I'm currently trying to program a blurring filter that convolves an image with a fairly massive gaussian kernel (I'm trying to correct for intensity variations across an image, so I'm dividing the normal image by a heavily blurred version). Since normal convolution takes so long at that scale, I'm attempting to take the suggestion of a paper that I've read to perform Fourier transformations on the two matrices, multiply them together, and then perform an inverse Fourier transformation on the result. I'm not a mathematician and have very little experience in image analysis so I have very little idea what a Fourier transformation actually is. All I know is that I can pass an M by N matrix into IDL's fft() fuction and it'll spit back out an M by N matrix of complex numbers.
What confuses me is exactly how I'm supposed to combine the two transformed matrices. The image is M by N and the gaussian kernel is O by O, so I can't perform conventional matrix multiplication on them.
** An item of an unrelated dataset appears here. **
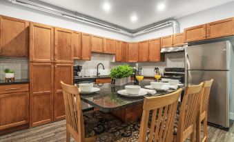 Prepare delicious meals in the well-appointed kitchen, located towards the back of the suite. Discover all the amenities you need to create a fantastic family dinner. There's a small table that comfortably seats two, as well as a large island with seating for four, providing enough space for dining and gathering.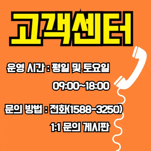 - 문의 방법: 전화(1588-3250), 1:1 문의 게시판

Anyone know what I'm supposed to be doing with the two matrices?
Edit: Just remembered that 0 values in the kernel don't do anything to the convolution, so I can pad out the guassian kernel with 0s to a size that can be multiplied. What kind of multiplication do I want, though? Standard matrix multiplication or pointwise?
Could you link the paper to me? This is an interesting problem.
Or, alternatively, just give me the citation and I'll go look it up, I've got teh hookupz.
Edit: I screw around a lot ("work" they say) with astronomical image subtraction, which involves a lot of image convolution. Is there only one image that you're trying to flatten? There are other methods used to flatten images that don't involve convolution, as well.
I don't know what program you're using to do your convolutions, but if you're using a built-in function (not one you wrote yourself), I'd be surprised if it did them without FFTs.
I only know a tiny bit about image processing, but I can give you a very brief explanation of the Fourier transform, which you could probably figure by snooping on the internet, but oh well.
The Fourier transform is a particular way to transform a complex valued function into another complex valued one, and the most basic way to think about it is a transformation from the time domain to the frequency domain. So with a function sent through the Fourier transform, what you get out is a function of the different frequencies that compose that function. For example, if you think about a ray of light as having a straightfoward wave function, you can get the spectrum of that light out using the Fourier transform. Or with a sound wave of an musical instrument, you can get the combination of pure tones of different frequencies out of a Fourier transform.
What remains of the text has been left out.